Grocery Tutorial - protegeproject/cellfie-plugin GitHub Wiki
This tutorial will give you a quick introduction of Cellfie plugin. We are going to guide you step-by-step through the process of building an ontology from Excel spreadsheets. We are going to spend the time to complete an ontology model about grocery items.
In this short tutorial you will learn:
- how to work with the Cellfie plugin UI,
- some basic mapping syntax to create the rules that will translate tabular data into OWL axioms,
- how to import the generated OWL axioms into your OWL ontology.
A good knowledge about OWL 2 language is necessary to get the meaning of the OWL axioms mentioned in this tutorial.
The estimated completion time: 30-45 minutes.
Setup and Installation
The Cellfie plugin is part of Protégé 5.x distribution so you don't need to do any installation. However, you might need to upgrade the version occasionally by checking it manually at File > Check for plugins....
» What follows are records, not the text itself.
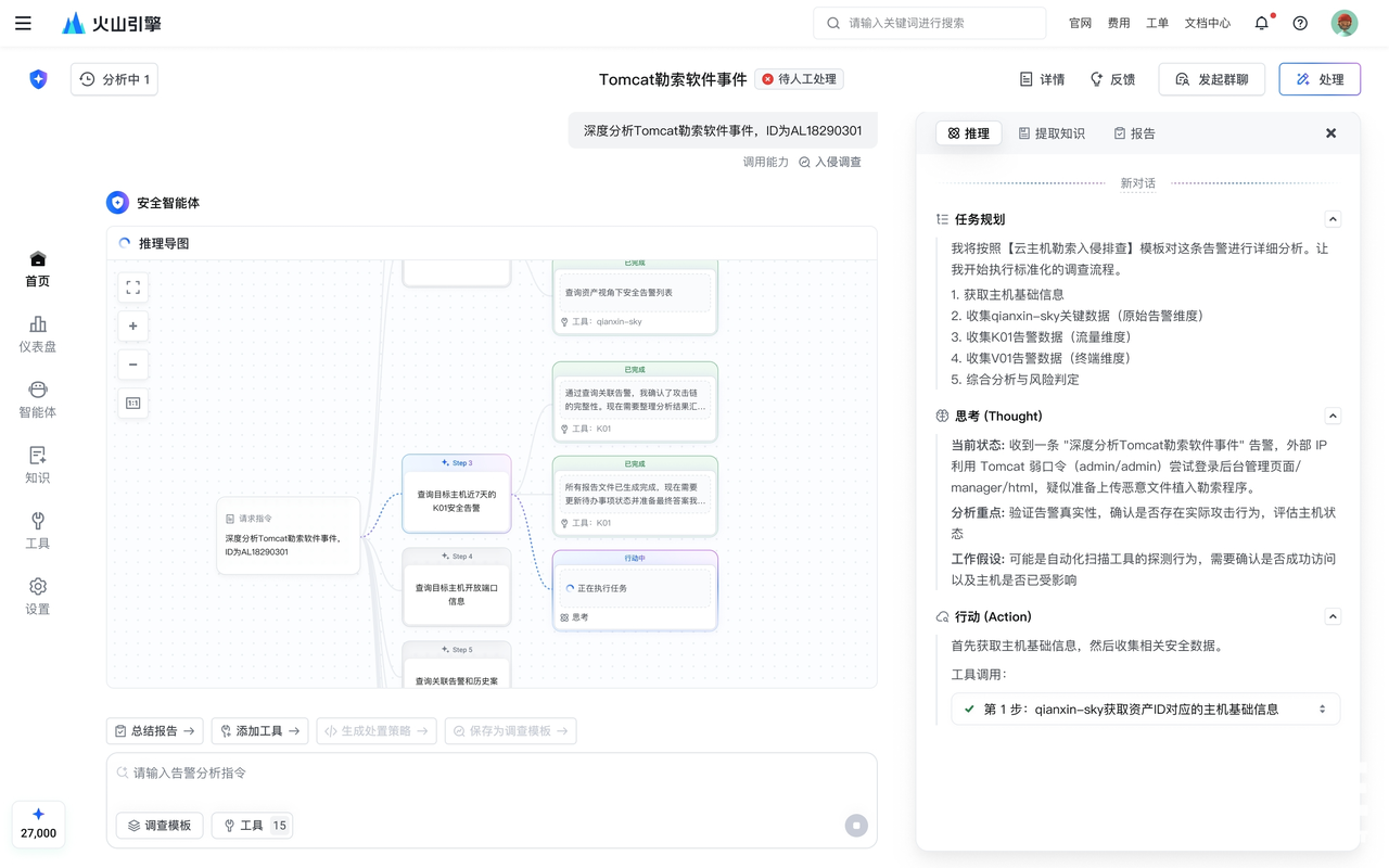 同时,火山引擎安全运营智能体能够做到7×24小时值守,实时分析每条告警并进行深度研判,为企业发现并溯源真实有效的攻击行为,全面覆盖告警分析、告警研判、自动处置三大核心场景,助力企业构建高效、智能的安全运营体系。
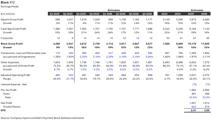 The good news for Block bulls is that valuation starts to look decent based on 2026 numbers, even when fully burdened for stock-based compensation. Based on my $3.09 estimate, shares trade at less than 24x, a reasonable entry point if you believe Block can sustain balanced gross profit growth in the low double-digits. I continue to believe there are risks to rapidly expanding Block’s lending and key questions remain about how these loans will perform, or if they will even be originated, during recessionary periods.
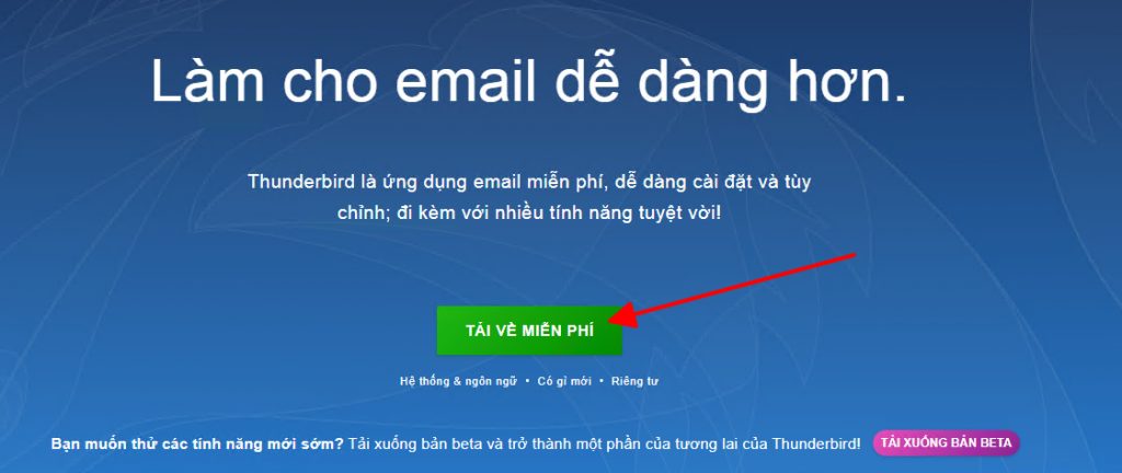 Bước 1: Vào trang chủ Thunderbird bấm tải về miễn phí
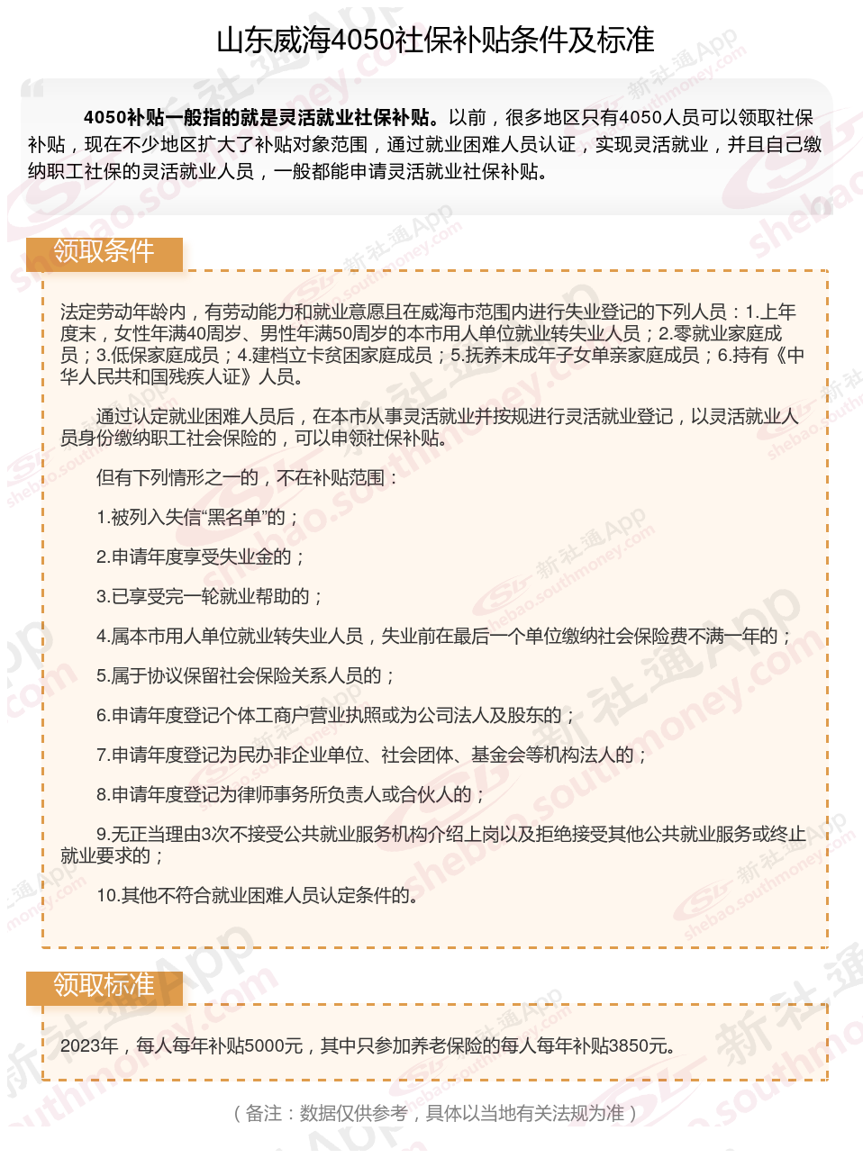 一、山东威海4050社保补贴标准及条件2025年最新消息
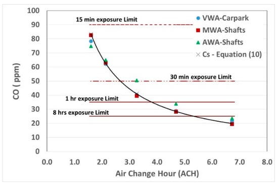 - The required ACH value should be estimated for each level within the carpark based on the running cars within the level to maintain the CO exposure limit within acceptable values. The carpark estimated value of 2.7 ACH was lower than the 3.4 ACH required for P1 with 28 running cars rather than the design value of 9 cars. Both values were much lower than the required 6 ACH as per international regulations.
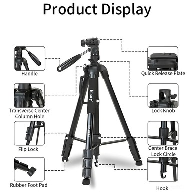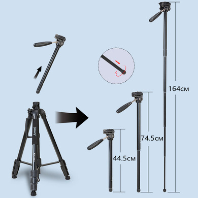 Телескопическая конструкция позволяет регулировать высоту штатива от 57,5 до 179 см – что позволяет выбрать оптимальное положение для съемки. В сложенном виде штатив занимает немного места - 60 см в длину.
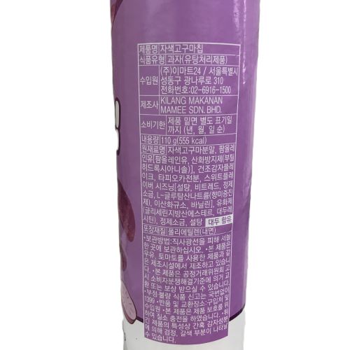● 成 分 紫いも粉末、パームオレイン油、乾燥ポテトフレーク、タピオカでん粉、スイートフレーバーシーズニング(砂糖、ビットレッド食塩、バニリン)、砂糖、塩/調味料(アミノ酸)、乳化剤、酸化防止剤(ブチルヒドロキシアニソール)、微粒二酸化ケイ素、(一部に大豆を含む)
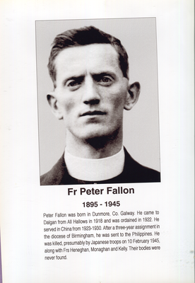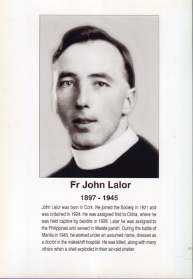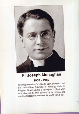 Columban Martyrs – Philippines: In 1943, Father Francis Douglas was taken into custody by the Japanese and severely tortured. His body was never found. Fathers Patrick Kelly, John Lalor, Peter Fallon, Joseph Monaghan & John Heneghan died in Malate during the war in 1945.
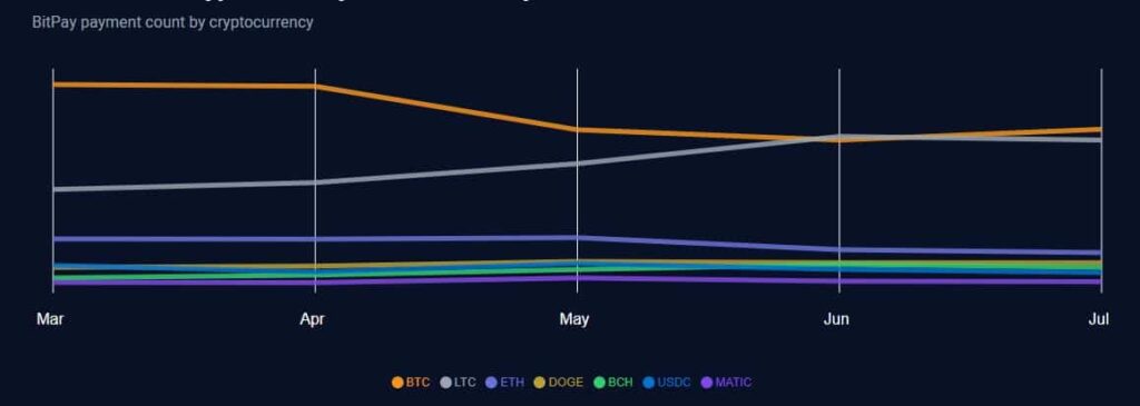 - LTC’s share of global payments rose from 23% in March to just over 34% at the end of July.
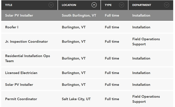 從官網(wǎng)信息來看,Solarcity招聘包括太陽能電池板安裝專員、屋頂安裝專員、檢查協(xié)調(diào)人員、電工、水泥修補專員甚至光伏設(shè)計師等多個崗位,招聘地點也涵蓋了加利福尼亞州、德克薩斯州、賓夕法尼亞州、紐約州、內(nèi)華達州、新澤西州、新墨西哥州、馬薩諸塞州、佛羅里達州、亞利桑那州等多個美國地區(qū),并且所有崗位的工作類型都是全職。
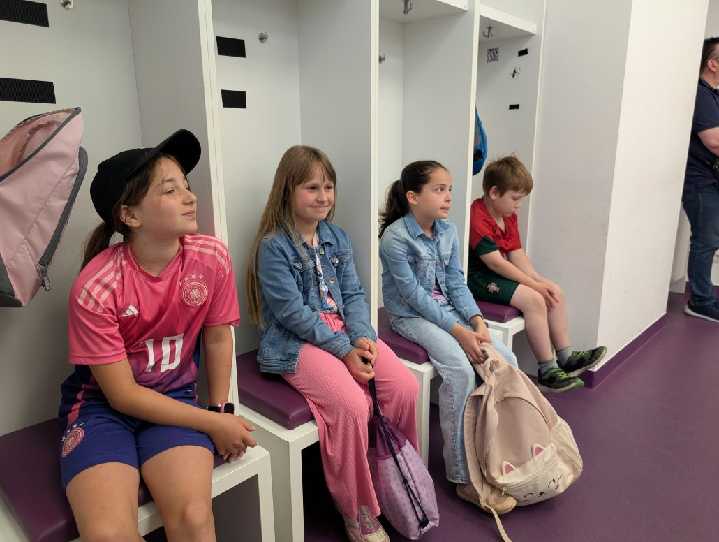 Alle Kinder waren voller Vorfreude und so wurde am 19.06.2025 zur Einstimmung im Klassenraum zunächst die Hymne des VfL gehört: „Wir, die Fans aus der Ostkurve, wir sind steht`s für dich bereit…“. Einige Kinder kannten bereits den Text auswendig und konnten spontan mitsingen.
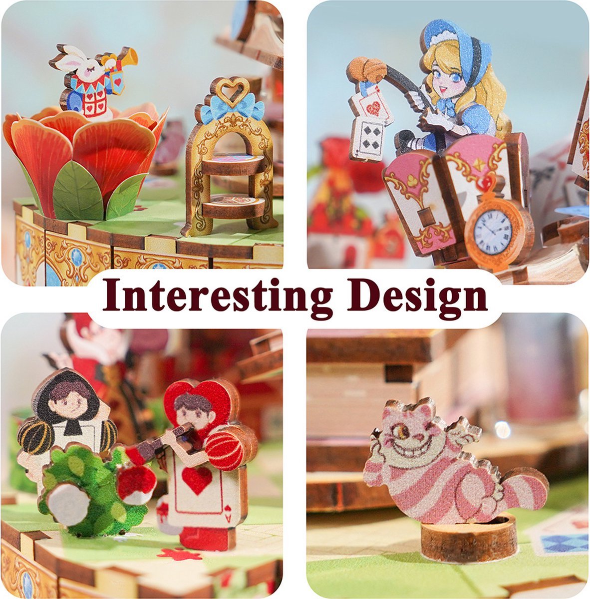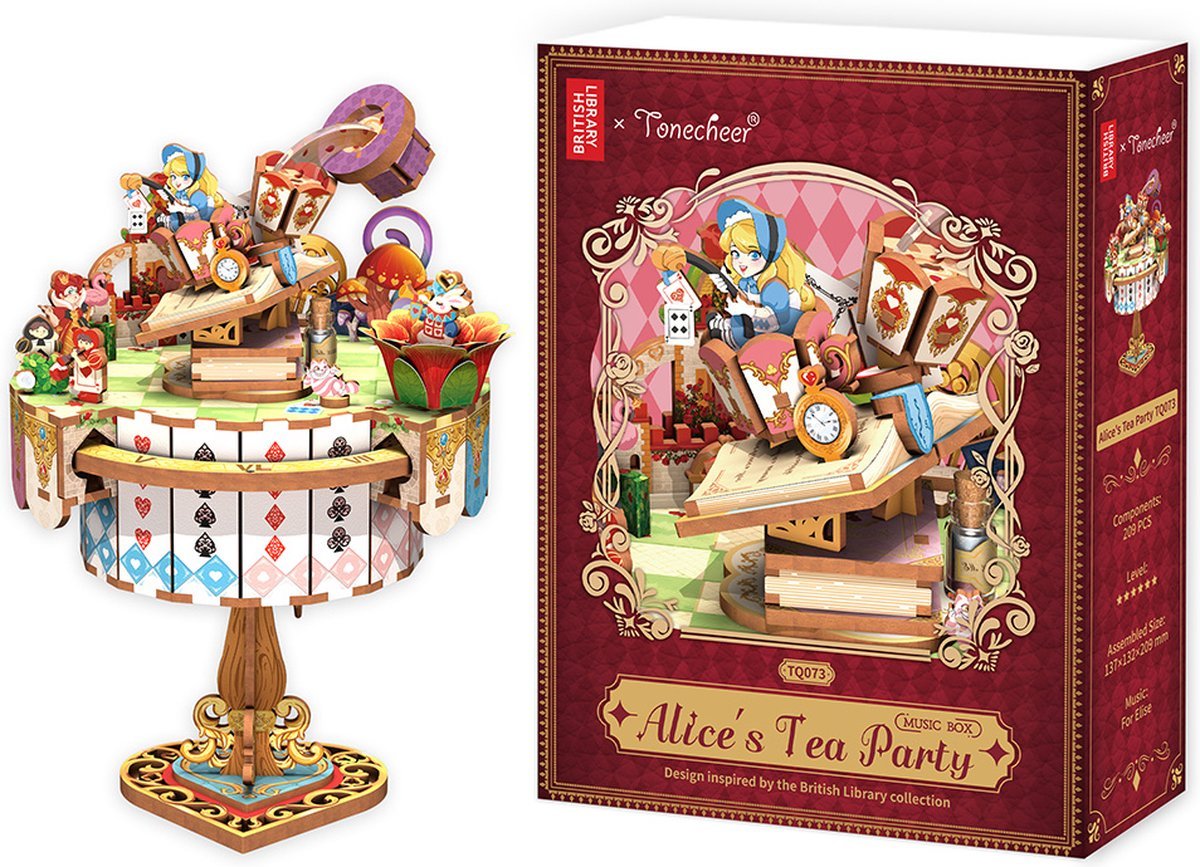 Entrez dans l’univers féerique de Lewis Carroll avec le Kit « Book Nook » Alice’s Tea Party. Ce kit à construire de 209 pièces vous plonge dans la célèbre scène du thé chez le Chapelier fou, recréée en version miniature avec une multitude de détails magiques. Fabriqué en contreplaqué de qualité, il allie robustesse et finesse pour un rendu enchanteur.
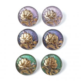 こちらはチェコのガラスボタン工房で製作されている手打ちのガラス・ボタンです。直径が約1.8cmあります。一つ一つ打ち出しや彩色も職人さんの手作業で行われています。透明のガラスを使用し、裏面から金属塗料が塗布されていますので、奥行きのあるお色をしています。こちらはデザインが同じで色が違う3色の6個セットです。柔らかなお色の優雅なお花のモチーフが美しいボタンです。(裏面はきわにごく小さな凹みが見られるボタンがありますが、その上から金属塗料が塗布され、ボタン工房からは普通に出荷される商品です。)
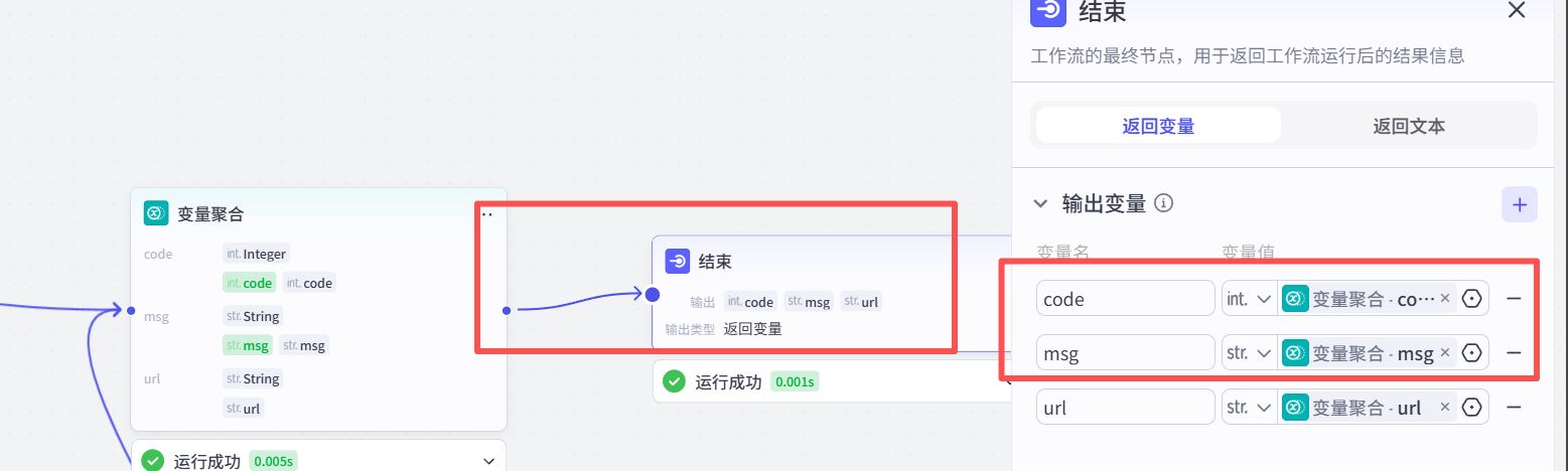 code,msg,url ,直接引用变量聚合节点的返回值,返回结果
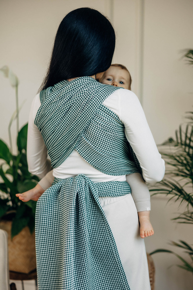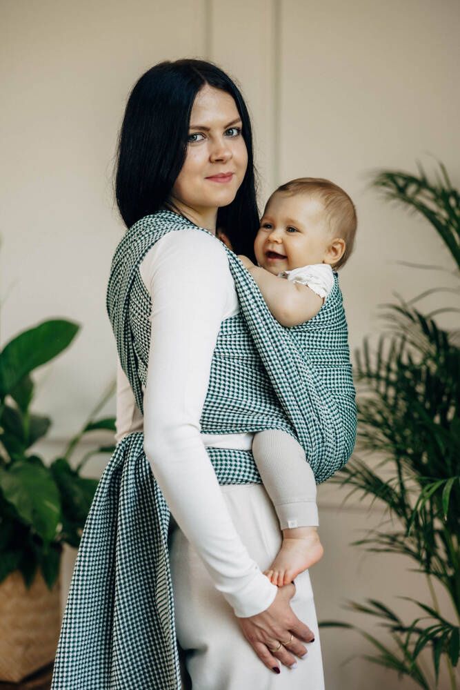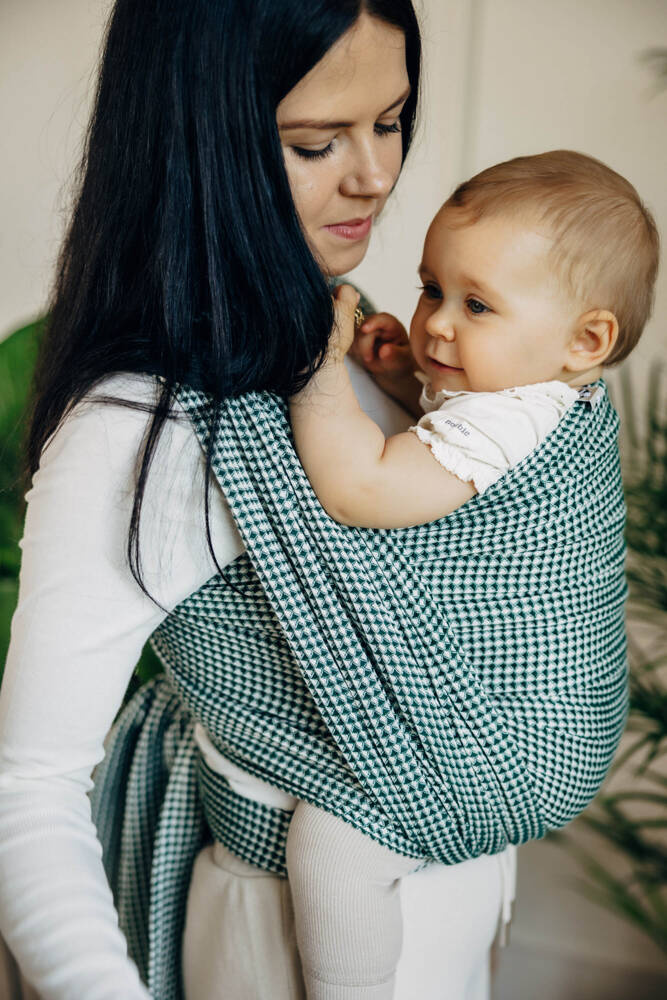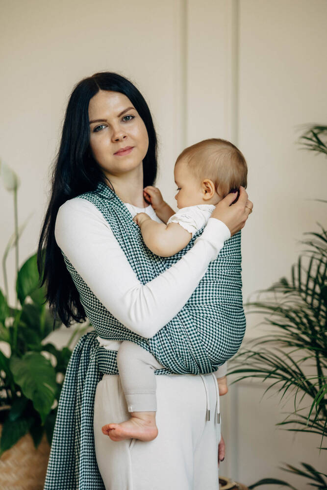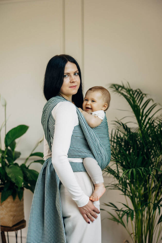 Woven wrap is simple to use and allow you to carry a baby in many different ways. You can try front carry like kangaroo or back positions like backpack. Good for long walk, because distributes the weight symmetrically.

For the tutorial, you will need to download these files:
- Grocery ontology -- alternative URL: https://git.io/vPhdf,
- Excel workbook -- alternative URL: https://git.io/vSLqS
- (optional: key answers) Transformation rules -- alternative URL: https://git.io/vSLq7
(Use "Save Link As..." from the right mouse click if the download didn't occur immediately)
STEP 1 - Starting Cellfie
Open the grocery ontology using Protégé by double-clicking the OWL file. If you already opened Protégé then load the grocery ontology using the File > Open... menu.
Go to the menu bar and select Tools > Create axioms from Excel workbook... to start the Cellfie plugin. Select the Excel file to load and Cellfie will appear with the content of the Excel file.
Working with Cellfie is about creating the Transformation Rules that define the mapping between the tabular data and the OWL axiom structure. The rule is written in Manchester Syntax that is very user-friendly for writing OWL axioms in a plain text.
The following steps will show you how to create these rules for different OWL axiom types.
STEP 2 - Creating Class Declaration Axiom
In this step, we are going to create a simple rule for the class declaration axiom. We are going to use the "Grocery Items" sheet from the example Excel workbook.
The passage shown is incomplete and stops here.